I saw this note in today’s Espresso from The Economist, “France’s finance minister pledged to save jobs under threat at General Electric’s plant in the country’s north-east. The American industrial conglomerate, which made a loss of $23bn last year, had said it would cut around 1,000 jobs. Earlier this year GE paid France a €50m ($56m) fine for failing to create jobs after it took over Alstom’s energy business.”

Meanwhile in the US, officials are taking a second look at the results of Foxconn’s supposed multi-billion dollar investments. Politicians made great PR hay in 2017 with the announcement of a large investment in Wisconsin. Two years down the road, maybe the investment may not be so large and the employment a few thousand shy.

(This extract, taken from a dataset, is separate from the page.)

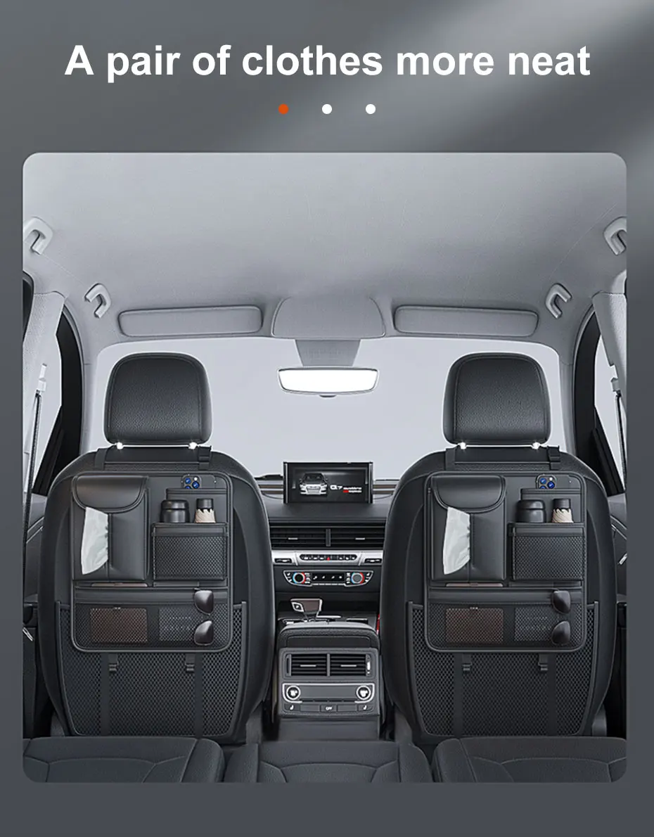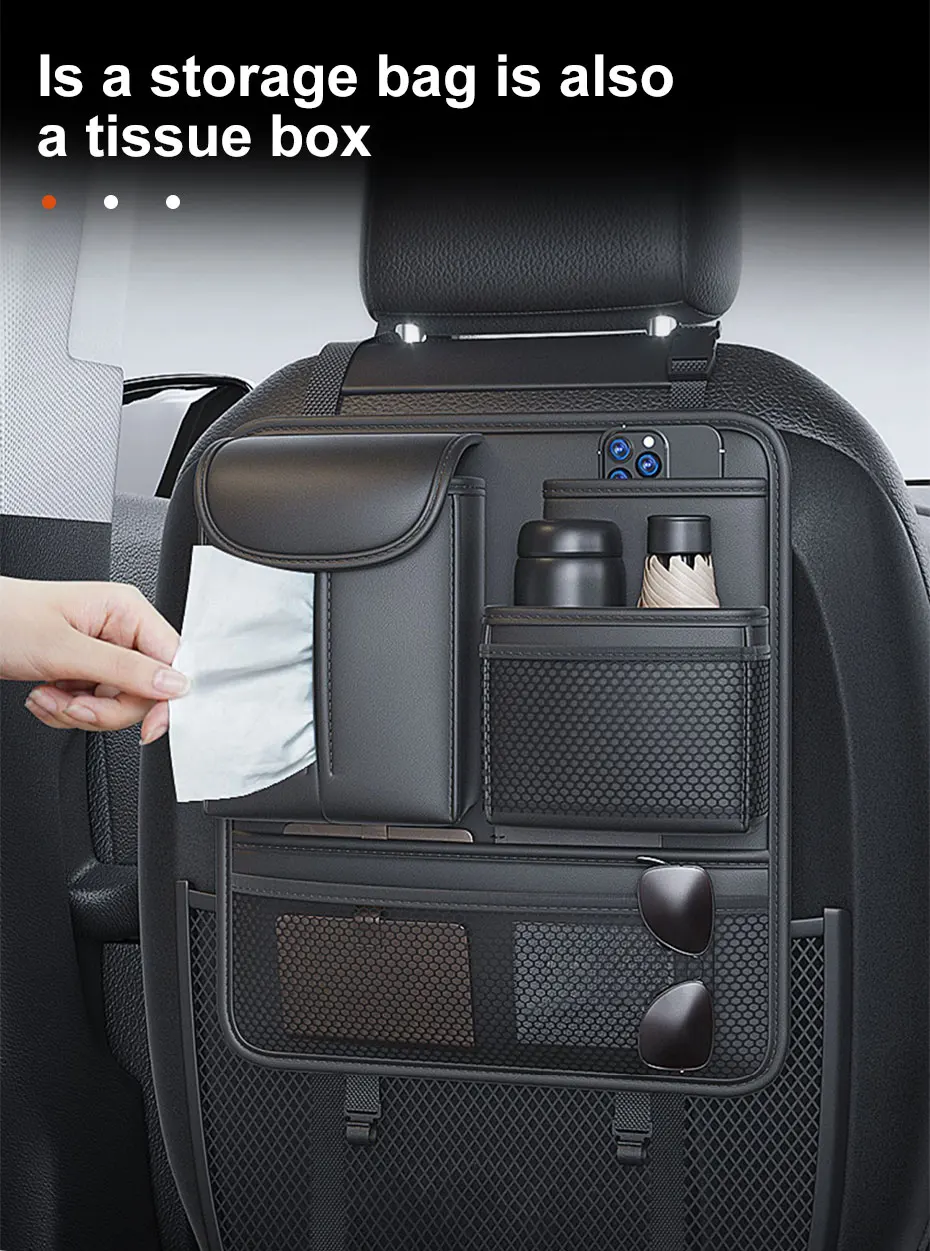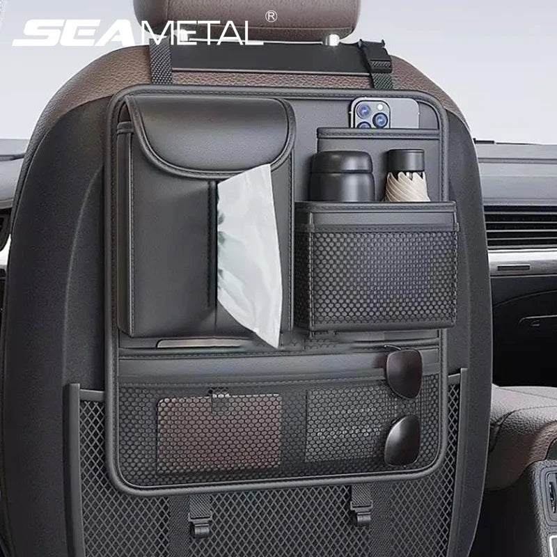 SEAMETAL Car Seat Back Organizer Rear Row Storage Bag with Elastic Band Nappa Leather Multi Pocket Anti Kick Pad Seat Protector

Governments can preach and give breaks and whatever, but market forces and bad management mean much more than governments for success. Take Alstom, for example. Perhaps there is French pride involved, but GE discovered that that particular acquisition was not all that it hoped for. One of a string of GE missteps. The French government can fine all it wants, but job creation depends upon good management and proper economic tailwinds.

I recently reported on the “success” of re-shoring manufacturing jobs, as the Reshoring Initiative would have it. Most likely it’s a result of financial analysts taking a closer look at supposed savings from only low wages discovering that other costs, such as logistics, insurance, loss of intellectual property, longer lead times, inability to quickly respond to changing markets all combined to make manufacturing offshore unappealing.

Most of the ills of manufacturing society I read about have a common root cause—less than competent management. I don’t see any quick fixes for that! And it won’t come from government fines generated by disappointment at lack of political gain.